-- Data to examine follows --

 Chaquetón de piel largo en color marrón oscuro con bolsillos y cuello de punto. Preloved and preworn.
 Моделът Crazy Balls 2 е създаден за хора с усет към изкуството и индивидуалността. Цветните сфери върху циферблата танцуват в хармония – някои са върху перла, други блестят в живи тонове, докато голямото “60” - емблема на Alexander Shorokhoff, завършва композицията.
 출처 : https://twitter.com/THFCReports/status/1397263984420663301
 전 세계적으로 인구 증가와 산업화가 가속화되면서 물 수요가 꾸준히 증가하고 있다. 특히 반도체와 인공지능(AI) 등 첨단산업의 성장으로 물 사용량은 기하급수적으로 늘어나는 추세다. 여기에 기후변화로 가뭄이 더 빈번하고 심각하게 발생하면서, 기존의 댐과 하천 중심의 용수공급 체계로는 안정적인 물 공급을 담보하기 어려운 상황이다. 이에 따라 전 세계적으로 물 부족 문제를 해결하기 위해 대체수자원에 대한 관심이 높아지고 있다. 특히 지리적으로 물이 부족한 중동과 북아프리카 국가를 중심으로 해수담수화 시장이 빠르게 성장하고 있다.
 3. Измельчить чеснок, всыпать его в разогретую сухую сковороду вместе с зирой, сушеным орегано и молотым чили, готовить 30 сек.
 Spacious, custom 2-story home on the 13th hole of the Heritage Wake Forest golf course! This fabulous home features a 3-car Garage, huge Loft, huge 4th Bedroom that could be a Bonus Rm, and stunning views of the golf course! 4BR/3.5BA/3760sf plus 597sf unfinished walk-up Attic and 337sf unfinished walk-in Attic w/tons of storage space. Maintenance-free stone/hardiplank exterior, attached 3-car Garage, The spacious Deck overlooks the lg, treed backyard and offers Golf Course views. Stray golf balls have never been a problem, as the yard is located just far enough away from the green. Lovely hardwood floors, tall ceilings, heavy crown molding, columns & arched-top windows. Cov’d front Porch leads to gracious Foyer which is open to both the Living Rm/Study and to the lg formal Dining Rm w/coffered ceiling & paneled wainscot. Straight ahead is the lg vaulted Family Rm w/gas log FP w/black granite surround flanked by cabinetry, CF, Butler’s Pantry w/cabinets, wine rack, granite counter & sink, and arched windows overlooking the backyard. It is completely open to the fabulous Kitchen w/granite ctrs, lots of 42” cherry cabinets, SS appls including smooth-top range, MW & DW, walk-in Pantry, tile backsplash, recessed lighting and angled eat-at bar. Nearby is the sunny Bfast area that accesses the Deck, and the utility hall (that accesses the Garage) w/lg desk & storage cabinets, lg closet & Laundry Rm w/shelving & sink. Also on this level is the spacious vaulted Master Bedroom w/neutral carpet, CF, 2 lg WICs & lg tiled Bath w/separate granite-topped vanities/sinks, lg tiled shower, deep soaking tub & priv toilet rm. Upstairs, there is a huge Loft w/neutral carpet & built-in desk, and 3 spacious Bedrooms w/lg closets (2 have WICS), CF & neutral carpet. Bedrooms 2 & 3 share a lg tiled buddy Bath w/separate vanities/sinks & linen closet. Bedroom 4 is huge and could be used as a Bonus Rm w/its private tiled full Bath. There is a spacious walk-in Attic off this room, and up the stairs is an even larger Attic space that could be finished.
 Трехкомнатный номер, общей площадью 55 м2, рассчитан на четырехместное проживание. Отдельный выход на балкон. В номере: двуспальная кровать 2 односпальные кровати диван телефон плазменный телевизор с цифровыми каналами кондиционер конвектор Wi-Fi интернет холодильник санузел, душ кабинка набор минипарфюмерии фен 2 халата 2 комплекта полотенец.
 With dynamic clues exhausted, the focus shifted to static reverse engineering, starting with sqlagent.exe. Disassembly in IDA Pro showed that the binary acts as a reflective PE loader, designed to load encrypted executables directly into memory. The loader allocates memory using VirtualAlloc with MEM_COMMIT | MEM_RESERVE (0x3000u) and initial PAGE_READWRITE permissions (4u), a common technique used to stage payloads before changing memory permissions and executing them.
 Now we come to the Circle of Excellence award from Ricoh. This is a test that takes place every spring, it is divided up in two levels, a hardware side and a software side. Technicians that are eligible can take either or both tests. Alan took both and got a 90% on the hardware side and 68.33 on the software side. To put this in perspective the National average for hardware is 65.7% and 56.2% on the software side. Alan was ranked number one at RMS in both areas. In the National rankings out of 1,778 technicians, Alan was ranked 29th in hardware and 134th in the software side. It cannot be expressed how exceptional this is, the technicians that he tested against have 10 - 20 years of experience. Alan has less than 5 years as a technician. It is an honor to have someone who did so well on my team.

-- Data to examine concluded --

> Problem to work on: Print, exactly as written, the first line of the records above and each line after it until the line with "3. Измельчить чеснок, всыпать", which is printed too.

> Exercise response:
 Chaquetón de piel largo en color marrón oscuro con bolsillos y cuello de punto. Preloved and preworn.
 Моделът Crazy Balls 2 е създаден за хора с усет към изкуството и индивидуалността. Цветните сфери върху циферблата танцуват в хармония – някои са върху перла, други блестят в живи тонове, докато голямото “60” - емблема на Alexander Shorokhoff, завършва композицията.
 출처 : https://twitter.com/THFCReports/status/1397263984420663301
 전 세계적으로 인구 증가와 산업화가 가속화되면서 물 수요가 꾸준히 증가하고 있다. 특히 반도체와 인공지능(AI) 등 첨단산업의 성장으로 물 사용량은 기하급수적으로 늘어나는 추세다. 여기에 기후변화로 가뭄이 더 빈번하고 심각하게 발생하면서, 기존의 댐과 하천 중심의 용수공급 체계로는 안정적인 물 공급을 담보하기 어려운 상황이다. 이에 따라 전 세계적으로 물 부족 문제를 해결하기 위해 대체수자원에 대한 관심이 높아지고 있다. 특히 지리적으로 물이 부족한 중동과 북아프리카 국가를 중심으로 해수담수화 시장이 빠르게 성장하고 있다.
 3. Измельчить чеснок, всыпать его в разогретую сухую сковороду вместе с зирой, сушеным орегано и молотым чили, готовить 30 сек.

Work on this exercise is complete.